Denise Richards: It’s Complicated


Except it’s not. It’s not complicated in the slightest. It’s about as easy as life can get; money in the bank, nice house, a gaggle of fawning lackeys at your beck and call, a live-in father raising your kids for you and a lucrative TV contract that enables you to spend your whole day choosing outfits, getting tans and dating rock stars. It’s not exactly Sophie’s Choice, is it?

I’d like to see Denise Richards living a genuinely complicated life – rising debts, wayward children, two jobs and the impending threat of a house repossession. Then we’d see just how real reality can be as this pointless, silver spooned pair of tits struggles to come to terms with the fact that she’s not the most important person in the world after all. That, my dear, would be complicated.

You remember Denise Richards, right? She was in a couple of films that did quite well at the tail end of the Nineties – one in which she was famously hoodwinked into playing straight when it was really a satire and another where she almost got her tits out. After that she was voted the worst Bond girl ever for her role in one of the worst Bond films ever, then married Charlie Sheen, showed her fanny in Playboy and promptly lost her acting career for being generally rubbish at acting.
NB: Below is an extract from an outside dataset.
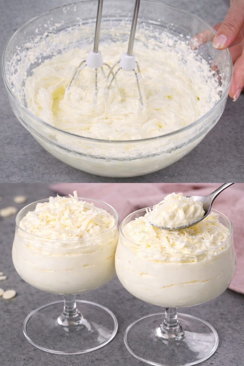 Diese weiße Schokoladenmousse ist der Inbegriff von Eleganz und Einfachheit. Mit nur vier Zutaten zauberst du ein cremiges Dessert, das auf jeder festlichen Tafel glänzt. Samtig, luftig und herrlich süß – ideal für Weihnachten, Silvester oder besondere Momente mit der Familie 🎄🍨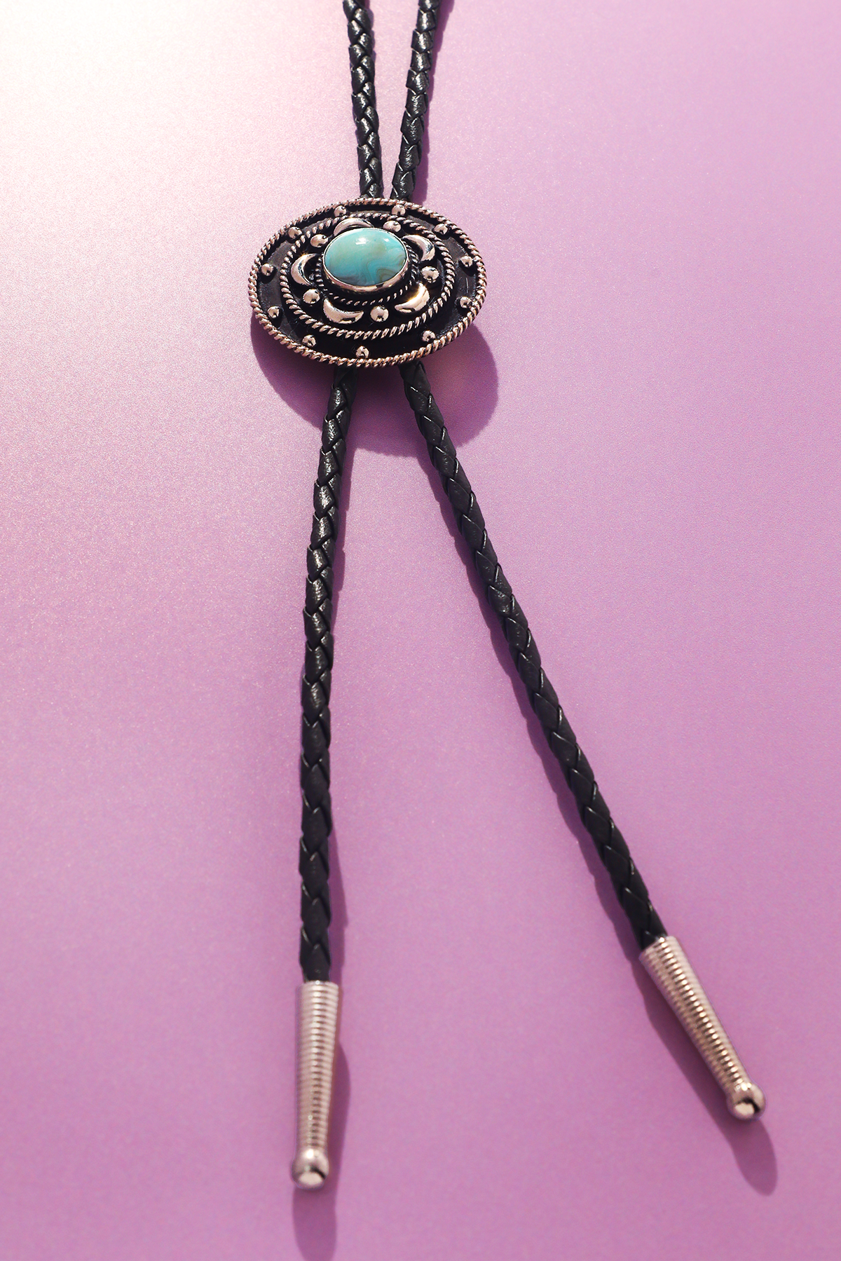 Bold, round, and made for the spotlight. This vintage-inspired bolo features an etched circular concho centered with stone. This bolo radiates desert charm and western edge.

And where do forgotten starlets without a modicum of talent end up when they die?

Reality TV.

“I’m not the girl from Wild Things’ she intones repetitively, “I’m not the Bond girl” as if they were characters of such staggering artistic importance that the lines between her and them were so blurred people mistook her for a murderous teenager or, um, nuclear scientist (who wears hotpants) on a daily basis. She spends hours Googling herself, comparing online lists of who she’s fucked with her assistant and berating tabloid journalists for not printing the correct gossip about her.

Flitting around LA and being a callous bitch to all she meets, Denise ably demonstrating that Hollywood is an empty vacuous place populated by airfilled dunderheads convinced they are the second coming of Marilyn Monroe. She’s a sad and lonely wayward soul, a woman of such collosal insignificance she has already morphed into Norma Desmond, taking people firmly by the arm and stammering loudly that she “used to be in pictures” while showing you unpleasant photos of her malformed breasts.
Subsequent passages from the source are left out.